Cloud Foundry (CF) falls into the PaaS (platform as a service) category. It is an open-source and multi-cloud solution initially released in 2011. CF is governed by the Cloud Foundry Foundation, a non-profit organization. CF supports the full application lifecycle from development over testing to deployment and can also be seen as a kind of continuous delivery solution. Compared to containerization technologies like Docker, CF is designed on a higher level of abstraction. This allows, for example, effortless vertical and horizontal scaling of applications. It can be hosted on private hardware or, by using a provider compatible with the BOSH CPI (Cloud Provider Interface), on IaaS (infrastructure as a service) products like the AWS (Amazon Web Services) or the GCP (Google Cloud Platform) for instance. Sometimes, CF is confused with Pivotal Cloud Foundry, which is merely a commercial implementation by Pivotal.
If you want a great overview, of what CF actually does for developers and the so-called developer experience, I recommend you to watch this video by Sai Vennam, a computer scientist on the IBM Cloud team:
A Brief Excursion in the History of CF
In 2009 Vadim Spivak, Mark Lucovsky, and Derek Collison, three developers at VMware, started developing the CF platform with their team. Thereupon in April 2011, they launched Cloud Foundry at VMWare, the first Open-Source PaaS of its kind. In 2012 EMC, the parent company of VMWare announced plans to outsource its cloud and software development division, including CF, into a new company called Pivotal Software. In 2014, Pivotal announced establishing the Cloud-Foundry-Foundation, which was then founded with an astonishing amount of influential businesses. The foundation’s purpose is to develop the platform and its ecosystem. In 2016 EMC was bought by Dell Technologies.
Why use Cloud Foundry?
Among the foundation’s members are companies like IBM, SUSE, VMware, and SAP, to name just the current platinum members. The GitHub Cloud Foundry organization currently lists 412 repositories and 298 official contributors (March 2021). It is continuously developed by contributors all over the world as well as by its members and their employees. Overall, it can be said that an end to support and development for CF is not currently in sight. There is also an official CLI client for CF. The CF CLI allows developers to do large-scale operations with merely some lines of code or commands. In short: CF is not the best choice for every project but might be a very wise one if appropriate. It creates free space for developers and companies by releasing them from time-consuming tasks and thereby giving them more time to focus on their code and software development tasks to create better software.
Runtime Components Overview
To get an overview of how CF works and what it can do, we will look at its components and their tasks. We are moving on an abstract level. These do not represent concrete components but systems of themself. Most of these consist of multiple subcomponents and dependencies.

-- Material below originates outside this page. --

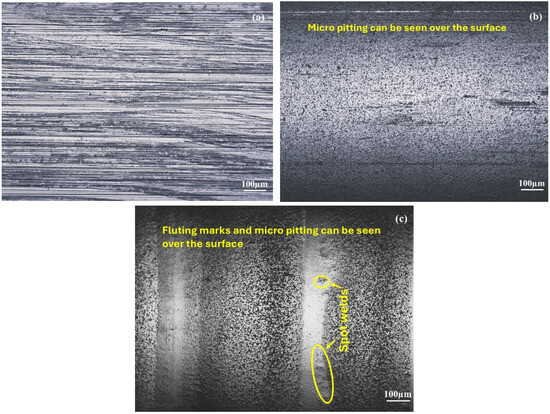Optical microscope images of bearing raceway indicating failures. (a) Fresh bearing; (b) bearing raceway after the test with Grease 1 with micro pits; (c) bearing raceway after the test with Grease 2 with micro pits and fluting marks.

This overview is the current representation of the CF architecture in the documentation. However, one must say that some of the concepts and components are deprecated, and their behavior and tasks have been merged into other components.

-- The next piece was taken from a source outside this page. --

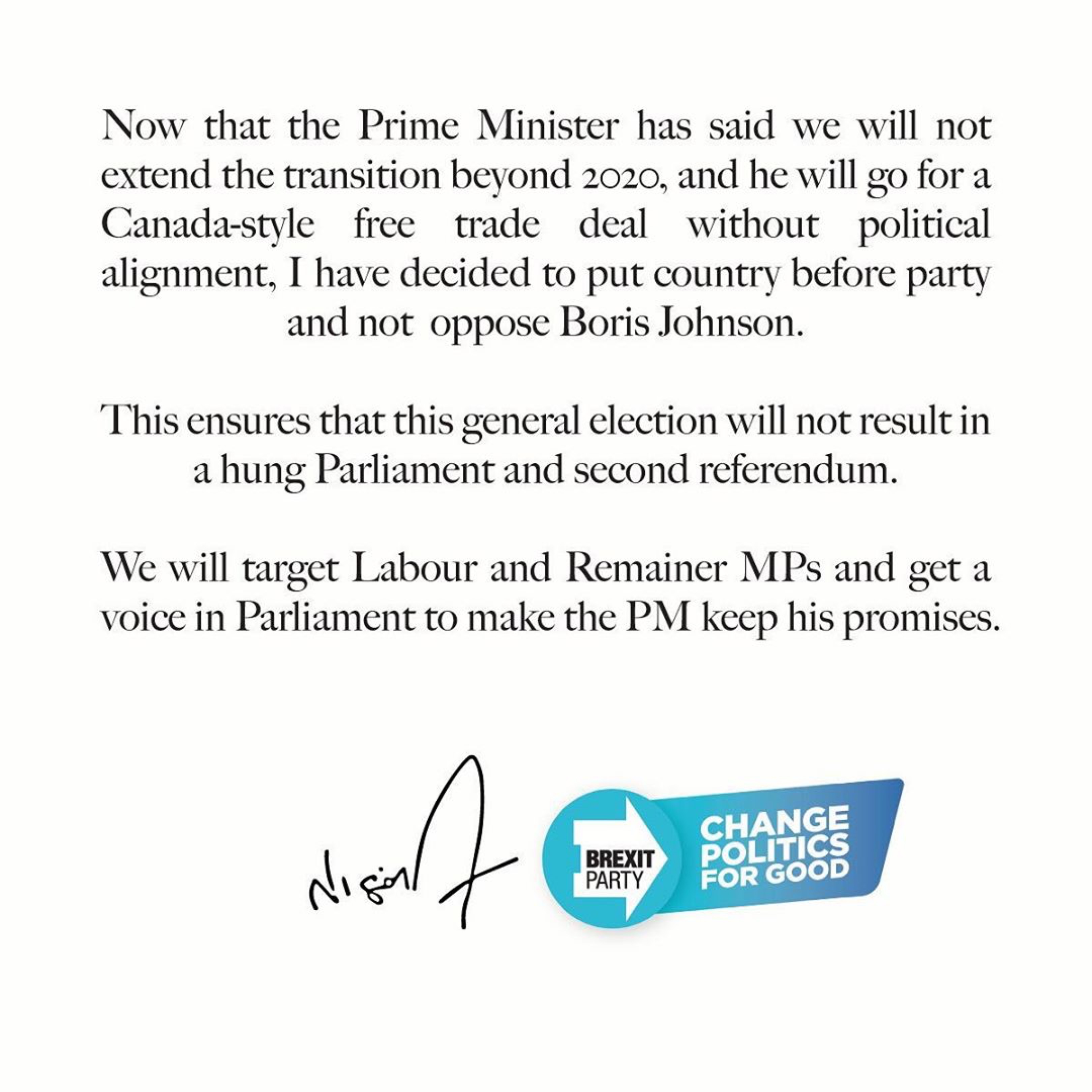 Nigel Farage announced yesterday that the Brexit Party will not stand in the 317 seats won by the Conservatives at the 2017 general election.

The router component is responsible for routing incoming requests to a cloud controller or a Diego cell. It was recently rewritten from Ruby to the Golang and renamed GoRouter to avoid confusion. The Cloud Foundry Foundation indicated the main reason for this refactoring with a better performance. The router is usually used with an upstream load balancer of any kind. Originally load balancers were hardware components. However, a common solution is to use HAProxy, which is a high-performance load balancer written in C. The router is sort of the entry door into the CF system for external clients. It periodically queries the Diego BBS (Bulletin Board System) to get status information on the applications and containers to route traffic correctly.
OAuth2 Server (UAA)
This layer of Cloud Foundry is still described as OAuth2 Server + Login Server in the current documentation. Actually, the GitHub repository declares the Login Server as deprecated and fully merged into the UAA. UAA is short for “user account and authentication”. The job of this component is to serve as an identity management provider. As the name indicates, it is based on the OAuth2 protocol and allows the creation of tokens, enabling third-party users to make calls on behalf of the CF user with the standardized endpoints /authorize and /token. It also manages authorization for services based on the information stored in the CCDB.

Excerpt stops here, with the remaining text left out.